All intranet content is not the same

I have realised that I’ve blogged about BT’s intranet strategy; our blogs and wikis; publishing tools and our 2009/10 action plan.  But so far I have not covered the different types of content that people publish and use on our intranet in much detail.

Content on the BT Intranet is divided into four different types, to enable information to be managed appropriately and allow users to separate fact from comment.  A fifth category covers services, which are online processes where people do tasks to fulfil their roles.

The categories are:

Formal

Formal content is authoritative, reliable & up to date.  People will able to use it with confidence, knowing it is current and relevant.  It is usually information that has a large audience, probably line of business or BT-wide.  

A limited number of people can edit the information, with access controlled by permissions.  People have to undergo mandatory training and need to ask permission to publish.  Usually one person will have clear ownership.

Formal content will usually be found on a web site that is managed via the content management system.  All of the publishing standards are mandatory for formal content.

Team

A group of people will usually own team content, with shared responsibility for editing and ownership.  It can be permission driven, with editors clearly identified, or it can be open for anyone to edit, and possibly require a managed environment.  Team content will usually be for a defined audience, which in some cases could still be all of BT.
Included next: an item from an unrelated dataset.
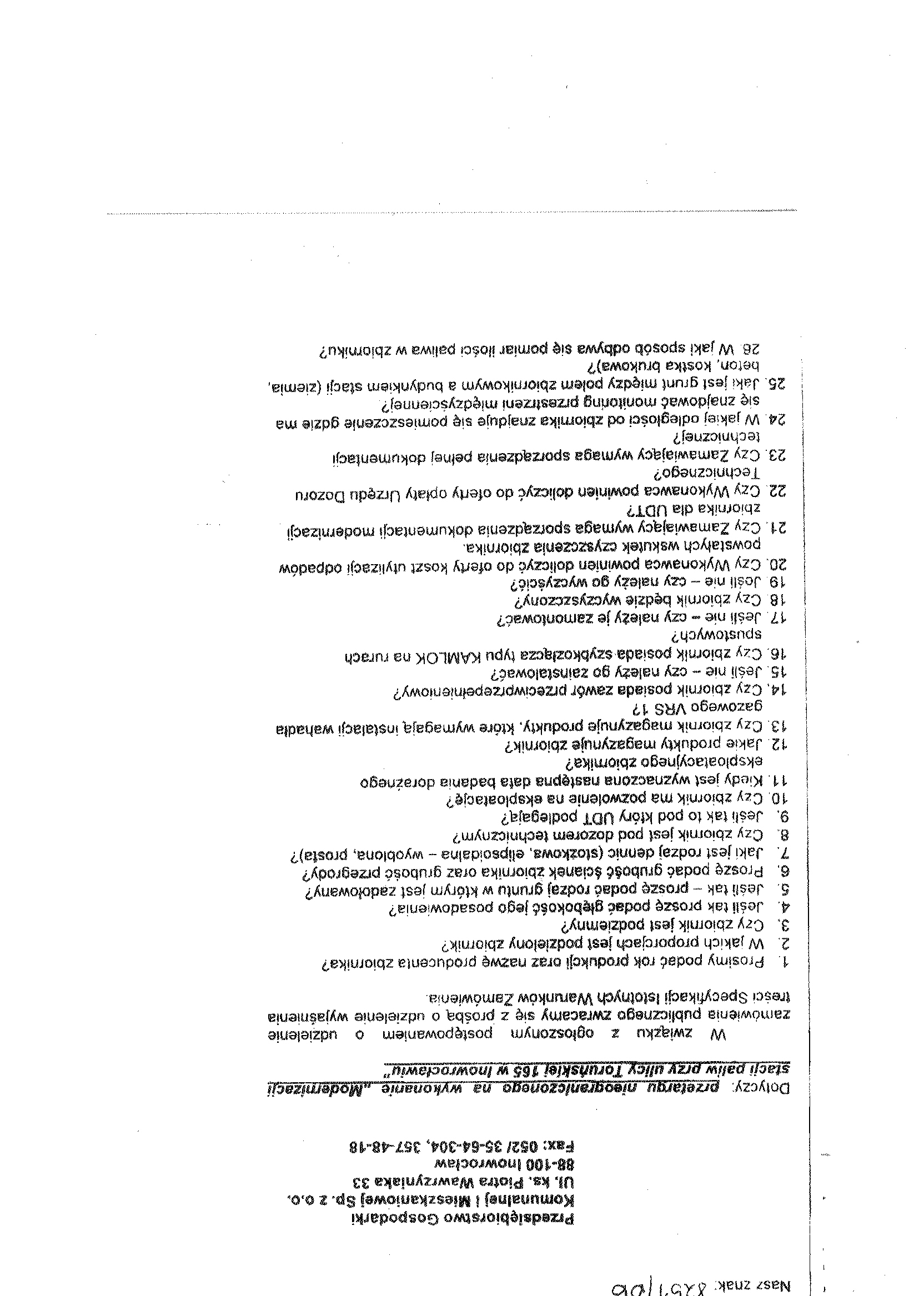1.聽聽聽聽聽 Zamawiaj膮cy: Przedsi臋biorstwo Gospodarki Komunalnej i Mieszkaniowej Sp. z o.o. w Inowroc艂awiu Ulica: ks. Piotra Wawrzyniaka 33 Kod: 88-100, Miejscowo艣膰: Inowroc艂aw Telefon: 052 35 64 304, faks:聽 0-52聽 357聽 48 18 REGON: 091581150 NIP: 556-080-85 e-mail: pgkim@poczta.internetdsl.pl 聽 2.聽聽聽聽聽 Przedmiot zam贸wienia: 聽 聽„Modernizacja stacji paliw przy ulicy Toru艅skiej 165 w Inowroc艂awiu”.

Team content will usually be found on one of the collaboration platforms, such as SharePoint.  Most of the online publishing standards are mandatory for team content.

Crowd

Many of the publishing standards are optional for personal content and will be managed by the publishing platforms.  People do not have to undergo mandatory training and do not need to ask permission to publish.

Crowd-sourced content is community owned information, with an open environment for anyone to edit and contribute.  The management of the information is less stringent because low levels of trust are required.

Many of the publishing standards are optional for crowd content and will be managed by the publishing platforms, such as BTpedia.  People do not have to undergo mandatory training and do not need to ask permission to publish.

Personal

Personal content will usually be opinion based content, owned by an individual, who will be the only editor.  It will have very light governance but will be open to a wide audience who can comment on the content.  Personal content will be on platforms such as Blog Central.

I’ll post about the training our publishers need to do for some types of content next.

25 responses to “All intranet content is not the same

  1. Interesting post! What I was wondering is: is this list right? For you I understand it is. But can’t ‘team’ content be ‘formal’ for instance? And isn’t ‘personal’ a security issue? For instance, I’m working on some content I don’t want to share yet (so it’s personal), but in time it will be in the category ‘crowd’? I’ll blog about this and tell you what my categories are. Thanks for sparking this discussion.

    • Samuel,

      Thanks for your comments which I agree with. it is not a hard and fast list which has no flexibility in BT. In fact content does move from personal (a blog) to crowd (a wiki) to formal (a policy document). There is also an overlap as you highlight where it can be more than one type. In cases like that (in fact I had someone ask me this question yesterday) you show what the options can do and leave the owner to decide what they want to use. They can try out one type and if it isn’t working try another instead.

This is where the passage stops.